I have gone through similar posts on stack overflow,which recommends to check the data type of target variable being numerical or not. This is the dtype of the variables:

ASBCU_SUM: int64

Month: category

Year: category

WeekofMonth: category

isHoliday: int64

DayNum: int32

PCOP_SUM: int64

PCOP_CS: int64

PCOP_LS: int64

PCOP_IFS: int64

PCOP_LSS: int64

PCOP_FS: int64

PCOP_FSS: int64

DayOfWeek_3: float64

DayOfWeek_2: float64

DayOfWeek_5: float64

DayOfWeek_7: float64

DayOfWeek_4: float64

DayOfWeek_6: float64

The datatypes are same while developing the model using 2015-2017 data as well.

I really appreciate any help..

1
Please provide sample rows of dfTrainingData that reproduces error. And include a full code block with all import lines so we can run data and code to help.Parfait
most likely this is github.com/statsmodels/statsmodels/issues/2597 Check whether the design matrix has full rank.Josef
I'm running into a similar problem any help on this would be great.njBernstein

1 Answers

3
votes

I encountered the same error before. Checked @Josef 's reply, I found the input matrix is not full rank, after fixing the rank issue, the bug is fixed.
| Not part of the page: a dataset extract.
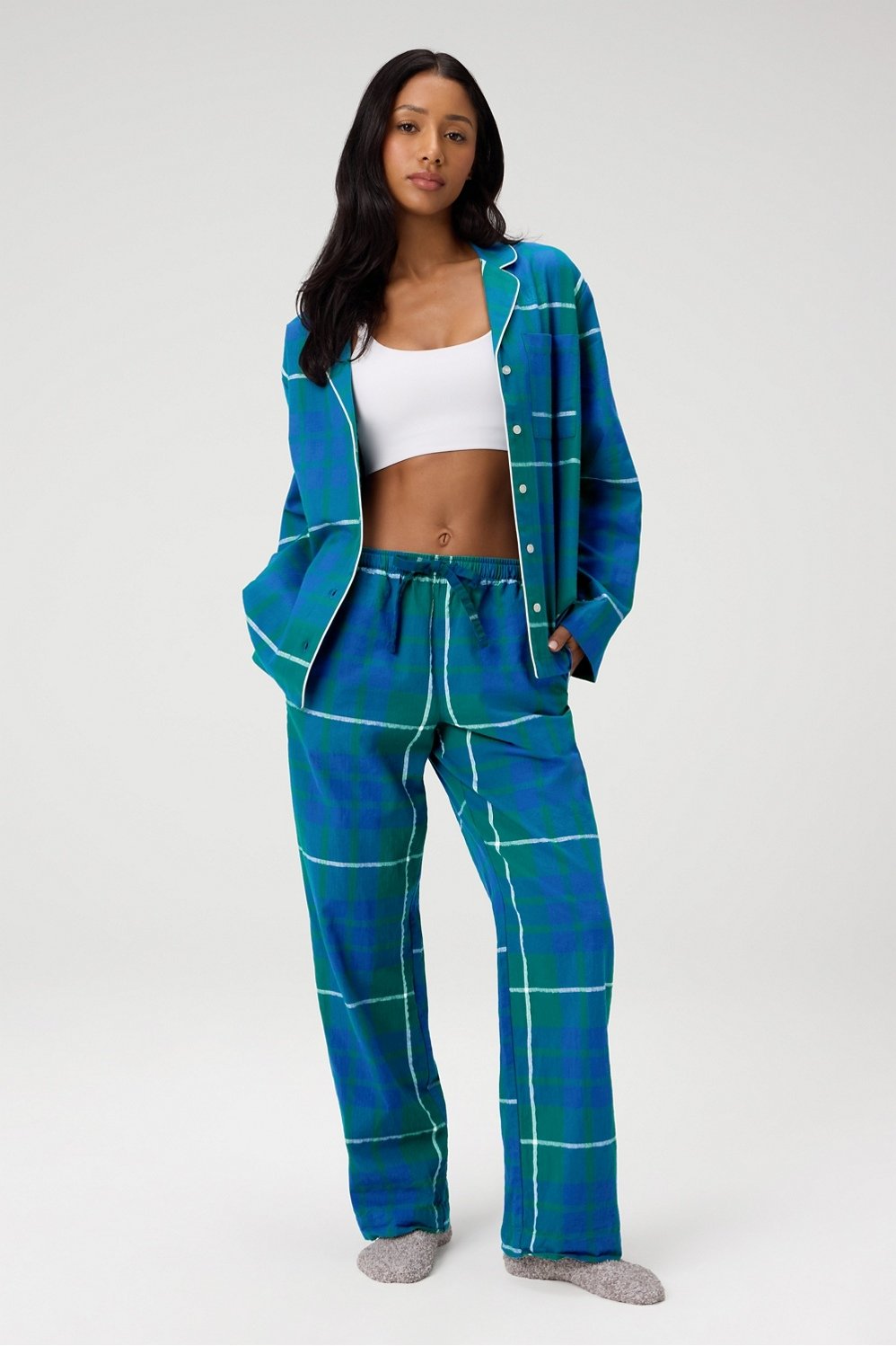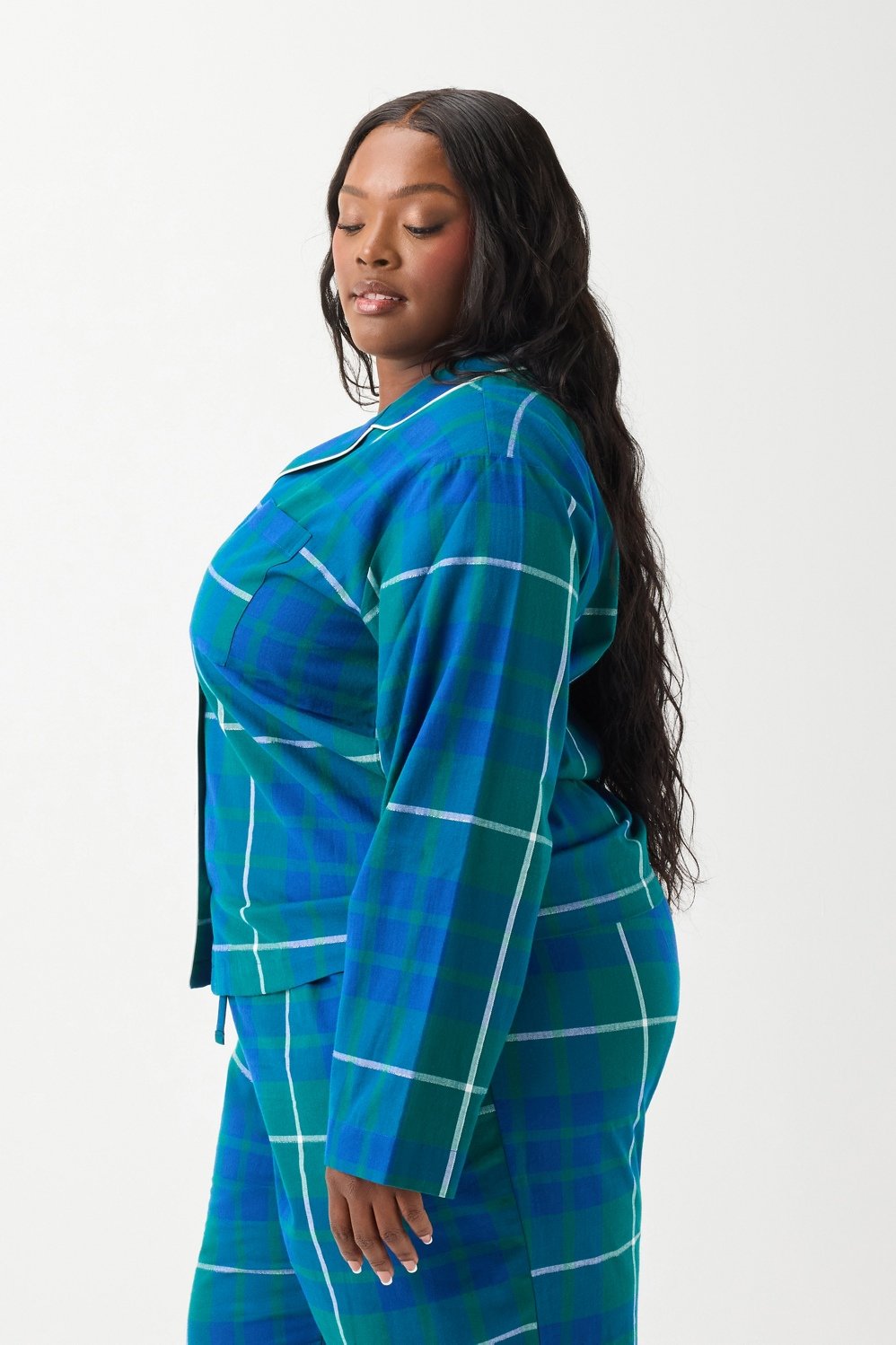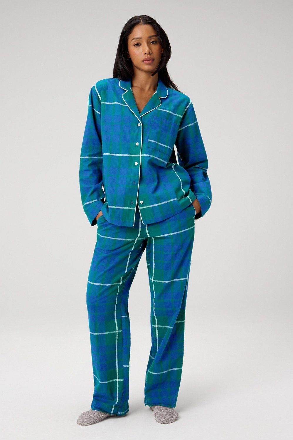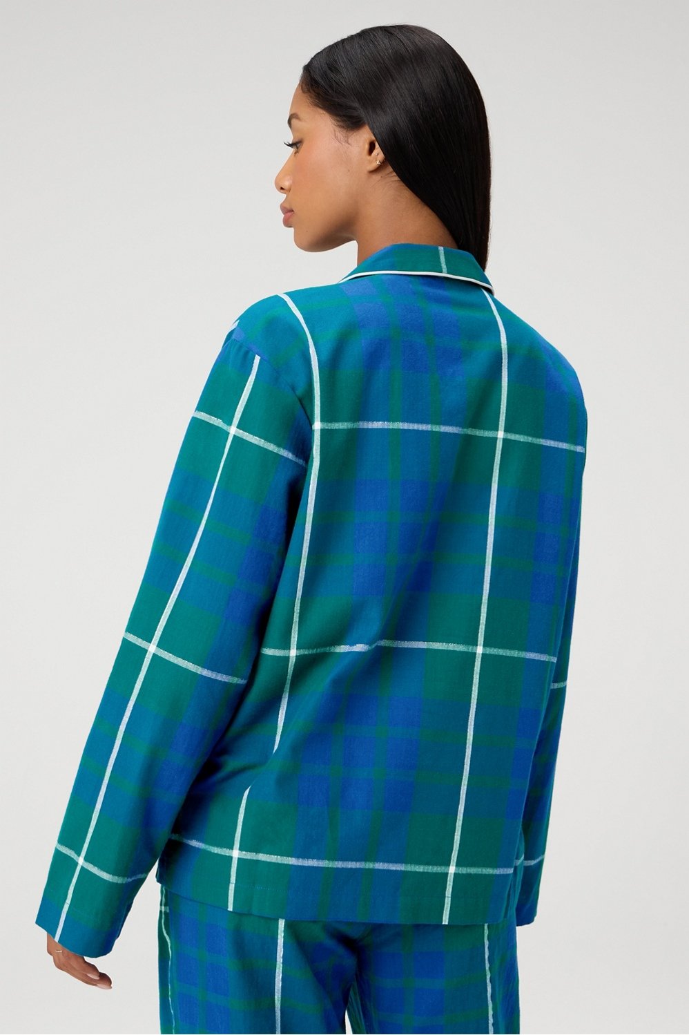The pajama top you’ll reach for all year long. Cut from our lightweight, soft-brushed flannel, its relaxed silhouette blends classic details like satin piping, pearlized buttons, and a notched collar, with a breezy, modern spin.

For example, if you run below code:

import statsmodels.api as sm
import statsmodels.formula.api as smf
import pandas as pd
data = {'col_1': [3, 2, 1, 0], 'col_2': [0, 0, 0, 0],
        'y': [1,2,3,4]}
data = pd.DataFrame.from_dict(data)
data.head()
model =smf.quantreg("y ~ col_1 + col_2", data).fit()
print(model.summary())

The bug will appear:

diff = np.max(np.abs(beta - beta0))
ValueError: operands could not be broadcast together with shapes (3,)
(2,) 

If you delete 'col_2' which caused the non-full rank issue, the bug would be fixed.